▽

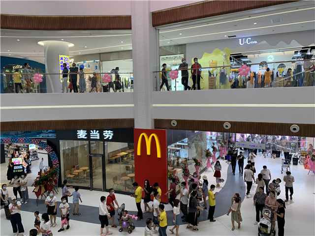 据了解,万民汇MO CITY总建筑面积约7.5万平方米,是集大型超市、零售、餐饮、休闲娱乐于一体的Shopping mall。项目已进驻万达影城、海底捞、麦当劳、星巴克、MJstyle、KKV、万民超市、探险阳光乐园、太二、蛙小侠、大师兄、遇见小面、耐克、阿迪达斯、屈臣氏等90多家中山港口首进品牌;截至目前招商率约为95%,当天同期开业率约为85%。
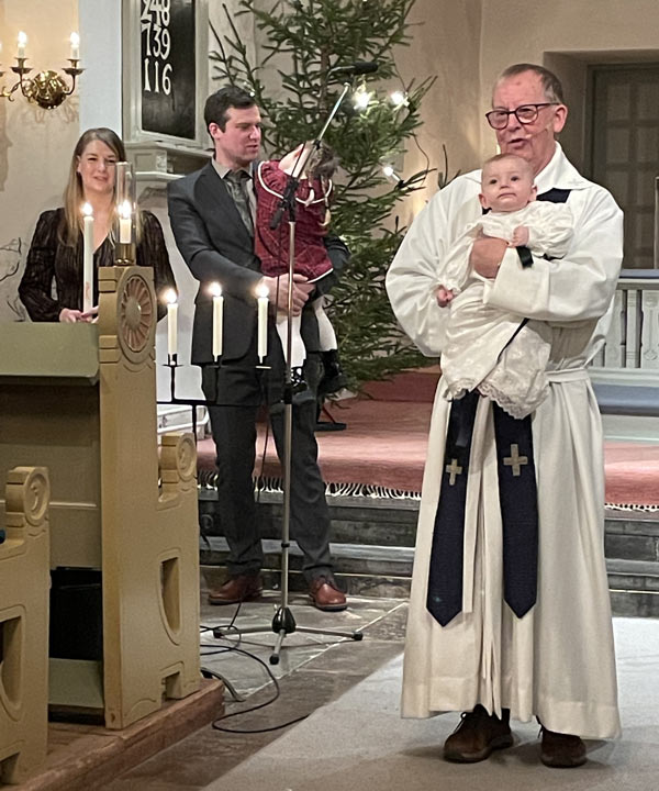 Kyrkoherden Christer Frostensson läste en text om överflöd och att vi skulle dela med oss till de som saknar något. Liksom att vi inte ska tro på män från Öster och Väster. Innan barndopet sjöngs psalm 248 Tryggare kan ingen vara.
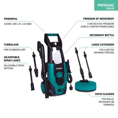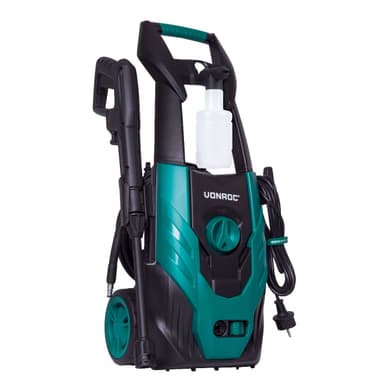 Denne 1400W højtryksrenser fra VONROC leverer op til 390 liter vand i timen ved et tryk på op til 110 bar. Den leveres komplet med sprøjtepistol, justerbar og turbo-dyse, terrassevasker, sæbeflaske og mere – så du kan komme i gang med det samme!

△

WHAT IS REQUIRED ▸ Extract the lines exactly, please: the first line of the listing, the line with "Kyrkoherden Christer Frostensson", and every line between them, but no pictures.

THE COMPLETED TASK ▸
 据了解,万民汇MO CITY总建筑面积约7.5万平方米,是集大型超市、零售、餐饮、休闲娱乐于一体的Shopping mall。项目已进驻万达影城、海底捞、麦当劳、星巴克、MJstyle、KKV、万民超市、探险阳光乐园、太二、蛙小侠、大师兄、遇见小面、耐克、阿迪达斯、屈臣氏等90多家中山港口首进品牌;截至目前招商率约为95%,当天同期开业率约为85%。
 Kyrkoherden Christer Frostensson läste en text om överflöd och att vi skulle dela med oss till de som saknar något. Liksom att vi inte ska tro på män från Öster och Väster. Innan barndopet sjöngs psalm 248 Tryggare kan ingen vara.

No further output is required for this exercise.